3.2. Significant changes in TOP expression at the transcription level between sarcoma and normal tissues (Oncomine)
To date, six DNA TOPs have been identified in mammalian cells. The Oncomine database was used to compare the mRNA levels of TOP1, TOP1MT, TOP2Α, TOP2Β, TOP3Α, and TOP3Β between sarcoma and normal tissues (Table 1). It was found that the mRNA levels of TOP1, TOP2Α, TOP2Β, TOP3A, and TOP3Β were upregulated in patients with sarcoma. Further analysis showed that TOP1 was overexpressed in sarcoma patients in the Detwiller Sarcoma dataset, with a fold change of 2.164 and a P-value of 4.5E-4. In addition, Top2A mRNA was overexpressed in fibrosarcoma (fold change=27.421), pleomorphic liposarcoma (fold change=17.927), LMS (fold change=12.112), malignant fibrous histiocytoma (fold change= 21.095), round cell liposarcoma (fold change= 13.321), and SS (fold change= 26.646). TOP2Β was highly expressed in DDLPS (fold change=2.002), fibrosarcoma (fold change= 2.938), round cell liposarcoma (fold change= 2.491), and SS (fold change= 3.108). In the Barretina Sarcoma dataset, TOP2Α was found to have higher expression in myxofibrosarcoma (fold change=12.264), pleomorphic liposarcoma (fold change=9.788), DDLPS (fold change=7.746), and myxoid/round cell liposarcoma (fold change=4.104). Top2b was overexpressed in myxoid/round cell liposarcoma (fold change = 2.318), DDLPS (fold change= 1.65), and pleomorphic liposarcoma (fold change = 1.505). Top3α was overexpressed in myxofibrosarcoma (fold change=1.758), pleomorphic liposarcoma (fold change=1.676), and LMS (fold change =1.757) in the Quade Uterus dataset, and high TOP2Α expression was found in uterine corpus leiomyosarcoma (fold change= 3.894) compared to normal samples.
3.3. Relationship between the mRNA levels of the TOPs and the clinicopathological parameters of patients with sarcoma
Using GEPIA (http://gepia.cancer-pku.cn/), we compared the mRNA expression of TOP family members between sarcoma and adjacent normal tissues. The expression levels of TOP1, TOP1MT, TOP2Α, TOP2Β, TOP3Α, and TOP3Β were higher in sarcoma tissues than in normal tissues (Figure 2A, 2B, and 2C).
3.4. Relationship between TOP mRNA expression and sarcoma grade
There are differences in the expression of TOPs in distinctive grades of sarcomas. We analyzed the expression of TOPs using the classification system of the Fédération Nationale does Centers de Lutte Contre le Cancer (FNCLCC) for sarcomas (Figure 3A). The revision of the American Joint Committee on Cancer (AJCC) Cancer Staging Manual, 8th Edition (2017) built on TNM stage and tumor grade. The AJCC system follows the classification system of the sarcoma groups of the FNCLCC, a 3-level system founded on the differentiation of tumor cells, mitotic activity, and the extent of necrosis. The panel recommends determining histological grade using the FNCLCC or AJCC/NCI system or an appropriate diagnostic-specific scoring system.
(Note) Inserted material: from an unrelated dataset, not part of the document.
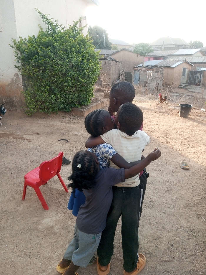 Four African children embrace tightly. A small red chair sits to the left on the sandy ground. Beyond them, simple buildings with corrugated roofs suggest a rural setting. A bush grows near a wall. A rooster stands by a black bucket in the distance, with a discarded sandal nearby. The children's clothes appear worn, and their shoes are basic sandals or clogs.

The FNCLCC grading system can better reflect the patient's prognosis and predict distant metastasis and death in cancer patients. Postoperative chemotherapy can improve the metastasis-free survival and OS times in patients graded with the FNCLCC system(18). The mRNA expression level of TOPs in different FNCLCC grades correlated significantly with the individual tumor grade. In sarcoma, TOP1, TOP2Α, and TOP3Β differed considerably between FNCLCC grades 2 and 3, while TOP1 and TOP2Α differed between grades 1 and 3. TOP mRNA expression correlated with the individual tumor grade (P-value <0.05). TOP1, TOP2Α, and TOP3Β can be used to identify soft-tissue sarcoma patients with different grades, and the local treatment options (low expression) can thus be discussed.
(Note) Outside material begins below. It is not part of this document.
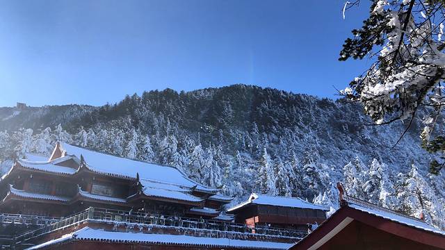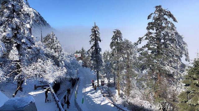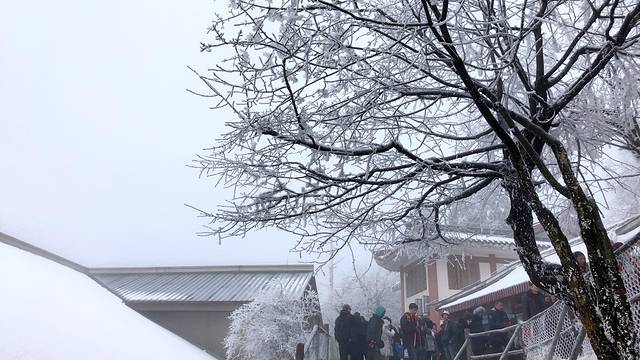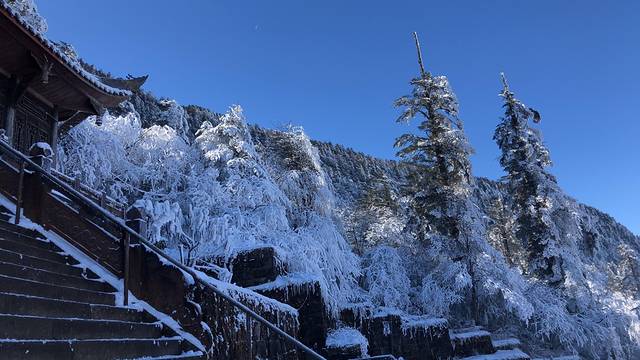 成都市区虽然冷,却没有雪,可是峨眉山已经被冰雪覆盖了

Month to distant Recurrence harms long-term survival and quality of life in several malignancies(19). Despite improvements in local tumor control through surgery, radiation therapy, and chemotherapy, distant metastases and high tumor-related mortality remain problems with current treatment strategies(20). After surgical resection, Month to distant Recurrence plays a major role in reducing patients' survival and quality of life with sarcoma. The patterns and risk factors for Month to distant Recurrence have been highlighted(21). Important prognostic factors for predicting Month to distant recurrence are patient age, tumor size, completeness of the resection, grade, tumor rupture, multiplicity, histological subtype, and previous radiation therapy(22). We divided the data of 206 patients from TCGA into two groups based on the presence or absence of TOP mutations. The mutation group contained at least one TOP gene mutation to compare the effects of TOP mutations on tumor recurrence (P-value=5.238e-3, P<0.05; q-value = 0.0489). The results suggest that the expression level of TOPs can use as a risk factor for assessing the Month to distant Recurrence of sarcoma (Figure 3B).
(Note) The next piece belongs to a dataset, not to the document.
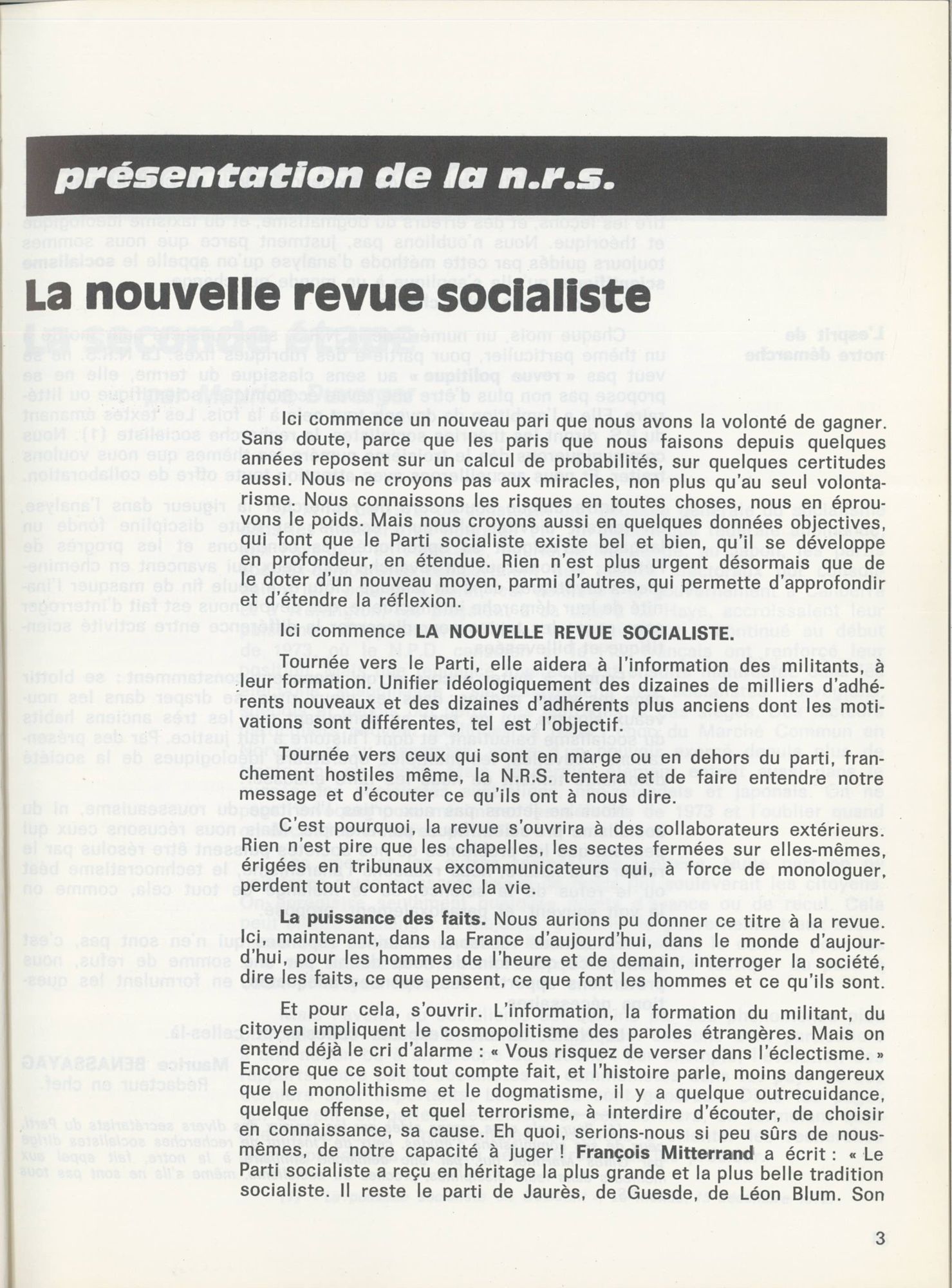 Après le congrès d’Épinay (11-13 juin 1971), le Parti socialiste se préoccupe d’abord très peu de la revue qui parvient occasionnellement à sortir d’ultimes numéros sous la direction de Roger Pagosse (1972-1973). Premier secrétaire, François Mitterrand décide de la relancer en prenant sa direction officielle. Une nouvelle appellation est chargée de signifier une rupture (Nouvelle Revue socialiste), destinée à reconquérir plus d’influence au sein du monde intellectuel, davantage tourné vers les communistes ou les héritiers de mai 68. La revue est conçue sous la responsabilité de Maurice Bennassayag, rédacteur en chef de 1974 à 1979, directeur-adjoint de 1979 à 1986, assisté par Françoise Castro, rédactrice en chef de 1979 à 1981 puis par Alain Meyer de 1981 à 1986.

3.5. The relationship between the expression of TOPs in sarcoma and tumor subtypes
Soft-tissue sarcomas are malignant mesenchymal tumors, with an estimated 12,390 new sarcoma cases and 4990 deaths in the United States in 2017 and a 5-year OS rate of 64%(23). The completeness of resection, histologic subtype, and tumor grade are the main determinants of survival(24)(25). We considered the expression of TOPs in different sarcoma subtypes. A cumulative histogram of 100% multiple classifications (100% stacked bar graph) (Figure 4A) was made, and different volumes represented the percentage of gene expression in different subtypes. The chi-square test was used to assess the relationship between TOP expression and the six major sarcoma subtypes. The expression of TOPs was significantly different among the six main sarcoma subtypes. The results showed that TOP1 has the highest expression ratio in DDLPS, with a ratio of 31.82%. TOP1MT and TOP3Β have the highest expression ratios in UPS, with 30% and 36.84% ratios, respectively. TOP2Α and TOP3Α have the highest expression ratios in STLMS, with 30% and 36.84% ratios, respectively. TOP2Β has the highest expression in ULMS, with a ratio of 36.84%. There were considerable differences in the expression proportions among these six sarcoma subtypes (P-value=8.540e-3, q-value=0.0368). The results showed that there were differences in the expression of TOPs between different subtypes. These results provide important insights into TOPs that can be used to diagnose different subtypes of sarcoma.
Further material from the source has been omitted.